Tasha buried her face in Phylicia’s shoulder and shook her head no. “It wasn’t him,” Tasha chanted over and over.
“Wasn’t who?” Phylicia asked, holding Tasha’s trembling body more tightly.
“Daddy,” Leigh offered. “It wasn’t Daddy.”
“Of course it wasn’t,” Phylicia said, shining the light in the trees where the man she shot had landed. Except, it was Leland. She’d chosen that striped shirt for him this morning.
“Oh, my God.” She edged closer, her daughters crowding behind her.
“Shot through by a little nigger bitch,” he said in a disbelieving voice that was Leland’s but wasn’t. He touched his side and held bloody fingers to the moonlight.
“Leland?” She shone the light on his face. The skin seemed to shift and buckle. First it was Leland, then it wasn’t, and for the briefest moment she saw what held him, felt the evil that would not die.
“We’re going to the van,” she told her girls. “Stay with me.”
“But what about Daddy?” Leigh asked.
“We’ll send someone back for him.” They started climbing, clinging to each other in a way that would have been impossible before tonight. Phylicia grieved the fact that it took almost losing their father to bring them together.
***
Phylicia made her pilgrimage alone. Four years had passed and uncounted visits had been made, always alone. Tasha was studying premed, but she couldn’t bring herself to witness the destruction of her father’s soul. Leigh was in high school now, enjoying the social whirlwind that came with it, but Phylicia saw the shadows her daughter tried to hide. Leigh shared her mother’s vision; she knew the shell that held her father was empty. She never visited.
The Mountain Vale Center for Mental Health remained unchanged with its high stone fences and manicured lawns. It was very pretty for a prison. She fingered the cross at her throat as she sat in the doctor’s office, waiting for him to tell her what she already knew. No change. No sign of improvement. Leland had killed those people. The ranger’s murder was on videotape. But she didn’t need that proof to make her believe. She had seen the demon that led him to it. She wondered if his lack of belief had made a difference to the entity.
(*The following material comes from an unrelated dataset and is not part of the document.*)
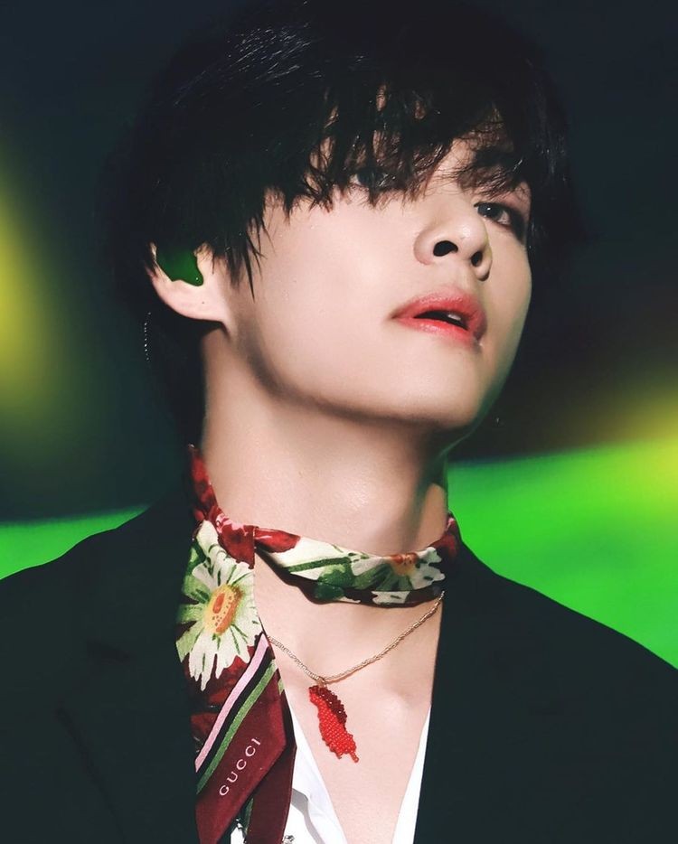 V has incorporated scarves into his outfits in various ways, showcasing his versatility and deep understanding of fashion aesthetics. Let’s break down some of his most memorable scarf looks: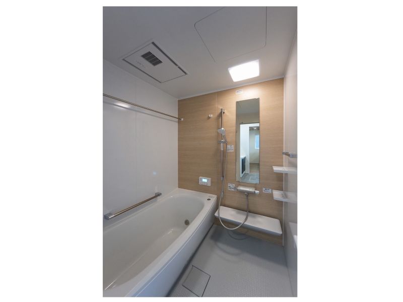 ユニットバス ■浴室乾燥暖房機付き ■魔法びん浴槽は4時間以上経っても温度低下はわずか2.5℃ ■断熱防水パンのフタでさらに保温が長持ち

There hadn’t been a trial. Non compos mentis. He didn’t remember her, his daughters, his life. They’d found him with Confederate script in his pockets, raving about the war, and wanting to go home to Memphis. Leland was from New Jersey.
She listened to doctors explain away the Confederate soldier that spoke with Leland’s voice. They droned on about psychotic breaks and multiple personality disorder, citing new research, newer drugs, and treatments that never worked.
They didn’t have any answers, and she didn’t need any.
The dead had captured an unbeliever.